Below are some of these companies from above that fit the criteria for good candidates to survive and thrive in difficult periods. History shows they've done it before.
- ExxonMobil has increased their dividend 31 years in a row and is one of only three companies with a AAA credit rating (Microsoft and Johnson&Johnson are the others).
- Chevron has increased their dividend 28 years in a row. The book value is $83.01/share and currently trades around $100/share (83%)
- Helmerich Payne has increased their dividend 41 years in a row and has extremely low debt levels. The book value is $45.19 and trades around $60/share (75.3%).
- ConocoPhillips has a book value of $44.64/share, and is trading around $61/share (73%).
As a reference point, when Helmerich Payne started paying a dividend, oil was around $3.60/barrel.
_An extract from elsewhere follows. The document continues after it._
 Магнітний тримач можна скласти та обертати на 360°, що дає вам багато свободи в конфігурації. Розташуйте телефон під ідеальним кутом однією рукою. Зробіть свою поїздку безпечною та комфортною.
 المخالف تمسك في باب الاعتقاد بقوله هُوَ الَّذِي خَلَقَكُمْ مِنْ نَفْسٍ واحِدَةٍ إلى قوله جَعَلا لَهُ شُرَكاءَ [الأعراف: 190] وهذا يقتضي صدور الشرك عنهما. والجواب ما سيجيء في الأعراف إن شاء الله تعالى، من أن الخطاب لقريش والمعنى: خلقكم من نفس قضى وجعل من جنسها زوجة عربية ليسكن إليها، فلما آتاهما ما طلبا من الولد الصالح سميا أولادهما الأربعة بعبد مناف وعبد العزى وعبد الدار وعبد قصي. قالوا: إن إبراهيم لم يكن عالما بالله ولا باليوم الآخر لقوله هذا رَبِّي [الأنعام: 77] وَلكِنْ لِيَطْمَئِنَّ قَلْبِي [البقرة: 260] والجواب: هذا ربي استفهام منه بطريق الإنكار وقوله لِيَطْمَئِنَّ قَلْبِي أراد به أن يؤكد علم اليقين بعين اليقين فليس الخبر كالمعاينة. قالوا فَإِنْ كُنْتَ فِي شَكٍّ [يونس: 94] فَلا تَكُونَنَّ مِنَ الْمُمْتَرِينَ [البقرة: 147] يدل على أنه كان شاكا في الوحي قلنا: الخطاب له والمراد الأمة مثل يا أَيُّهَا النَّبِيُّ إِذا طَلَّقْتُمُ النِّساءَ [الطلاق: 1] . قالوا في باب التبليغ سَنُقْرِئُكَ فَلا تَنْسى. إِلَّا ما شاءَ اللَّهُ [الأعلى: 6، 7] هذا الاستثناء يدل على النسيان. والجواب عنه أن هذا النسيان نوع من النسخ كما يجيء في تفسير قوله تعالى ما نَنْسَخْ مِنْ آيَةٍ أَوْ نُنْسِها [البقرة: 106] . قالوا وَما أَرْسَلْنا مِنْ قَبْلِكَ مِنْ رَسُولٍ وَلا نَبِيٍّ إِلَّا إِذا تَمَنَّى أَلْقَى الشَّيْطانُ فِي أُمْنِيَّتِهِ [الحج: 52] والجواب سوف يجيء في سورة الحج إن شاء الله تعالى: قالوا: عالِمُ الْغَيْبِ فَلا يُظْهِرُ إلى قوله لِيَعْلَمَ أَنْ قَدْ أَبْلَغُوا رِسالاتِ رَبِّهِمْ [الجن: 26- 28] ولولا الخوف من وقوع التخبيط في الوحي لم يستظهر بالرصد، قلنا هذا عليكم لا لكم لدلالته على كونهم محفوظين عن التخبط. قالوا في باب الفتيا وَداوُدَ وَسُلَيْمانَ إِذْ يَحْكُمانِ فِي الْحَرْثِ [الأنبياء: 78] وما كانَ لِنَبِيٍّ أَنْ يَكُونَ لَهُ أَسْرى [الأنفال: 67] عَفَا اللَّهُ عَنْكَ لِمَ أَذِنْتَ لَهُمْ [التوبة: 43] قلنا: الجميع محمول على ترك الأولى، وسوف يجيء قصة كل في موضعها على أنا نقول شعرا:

Also, forecasts.org projects WTI Crude price to be $64.90 May 2015, with an 80% confidence level being between $57.50 and $72.30. They also project a low of$49.7 in February 2015.
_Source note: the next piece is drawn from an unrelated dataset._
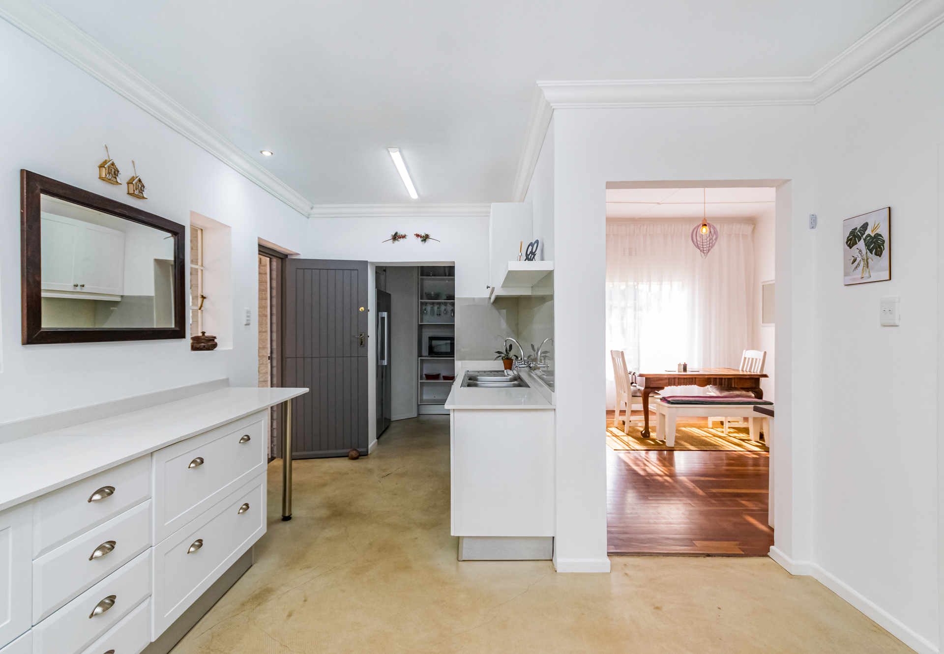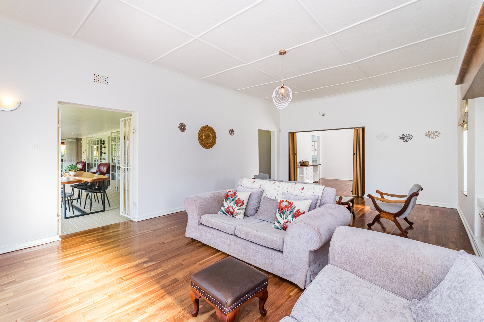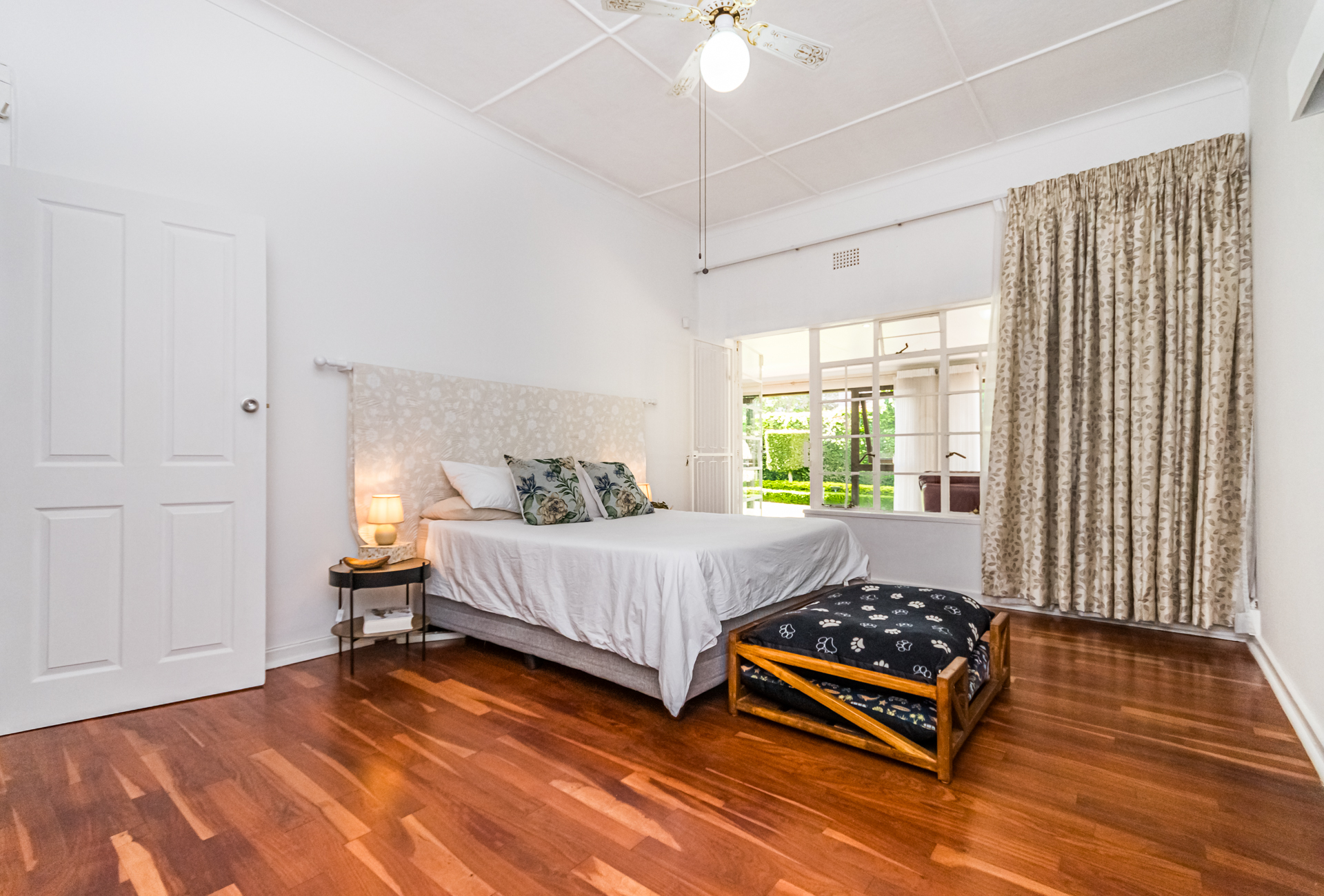 The main house offers generous space, featuring four beautiful bedrooms, with the main bedroom boasting its own en-suite bathroom. A second full bathroom serves the remaining bedrooms. Three of the bedrooms open onto the enclosed stoep with stacker doors, seamlessly connecting indoor living with the lush garden and entertainment area.

Sources: Dividend.com, FINVIZ.com, stockcharts.com.
Disclosure: Kerry Prazak, CFP® is the owner and portfolio manager of East Lake Financial, LLC, a Registered Investment Adviser located in Keller, TX. Kerry Prazak, East Lake Financial, and/or its clients may hold positions in any ETFs, mutual funds, and/or any investment asset mentioned above. The comments above do not constitute individualized investment advice. The opinions offered here are not personalized recommendations to buy, sell or hold securities. Please do your own research. Thank you!